Exercise data -
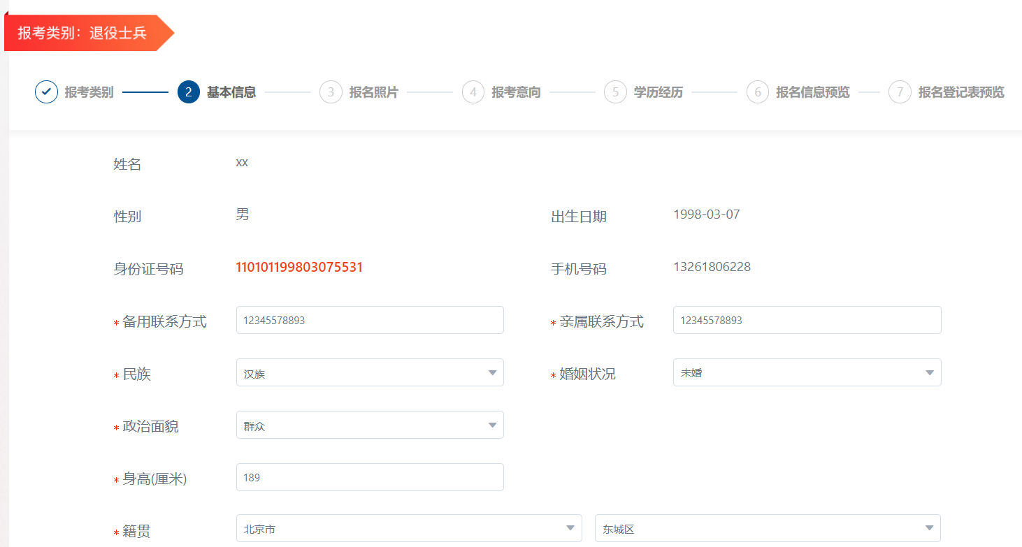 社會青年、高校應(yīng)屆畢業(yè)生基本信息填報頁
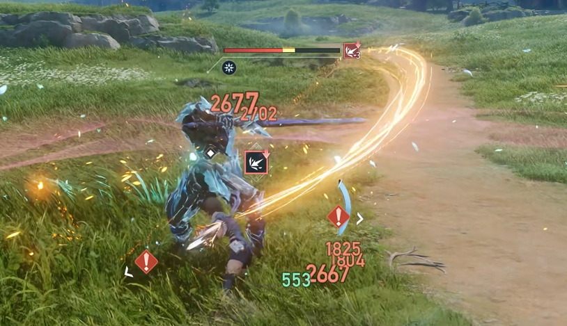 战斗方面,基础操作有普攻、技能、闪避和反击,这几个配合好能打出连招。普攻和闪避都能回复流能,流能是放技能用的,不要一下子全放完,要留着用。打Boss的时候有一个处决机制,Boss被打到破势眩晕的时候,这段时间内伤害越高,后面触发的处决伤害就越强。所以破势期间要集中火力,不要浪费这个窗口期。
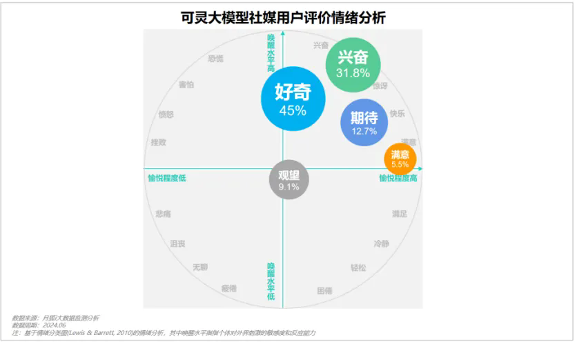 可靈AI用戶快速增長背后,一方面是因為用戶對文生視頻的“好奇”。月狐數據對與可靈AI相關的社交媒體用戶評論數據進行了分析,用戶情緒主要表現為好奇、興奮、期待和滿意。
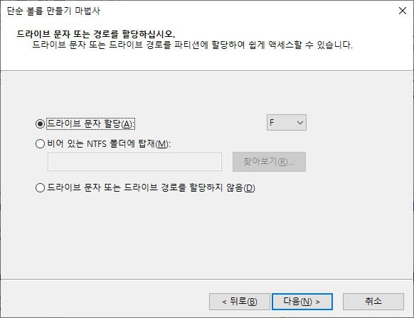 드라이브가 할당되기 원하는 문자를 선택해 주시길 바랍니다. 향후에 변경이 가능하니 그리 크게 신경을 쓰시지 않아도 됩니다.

What to produce - Please copy the data shown above, line by line and exactly, omitting the images.

Solution to the problem -
 社會青年、高校應(yīng)屆畢業(yè)生基本信息填報頁
 战斗方面,基础操作有普攻、技能、闪避和反击,这几个配合好能打出连招。普攻和闪避都能回复流能,流能是放技能用的,不要一下子全放完,要留着用。打Boss的时候有一个处决机制,Boss被打到破势眩晕的时候,这段时间内伤害越高,后面触发的处决伤害就越强。所以破势期间要集中火力,不要浪费这个窗口期。
 可靈AI用戶快速增長背后,一方面是因為用戶對文生視頻的“好奇”。月狐數據對與可靈AI相關的社交媒體用戶評論數據進行了分析,用戶情緒主要表現為好奇、興奮、期待和滿意。
 드라이브가 할당되기 원하는 문자를 선택해 주시길 바랍니다. 향후에 변경이 가능하니 그리 크게 신경을 쓰시지 않아도 됩니다.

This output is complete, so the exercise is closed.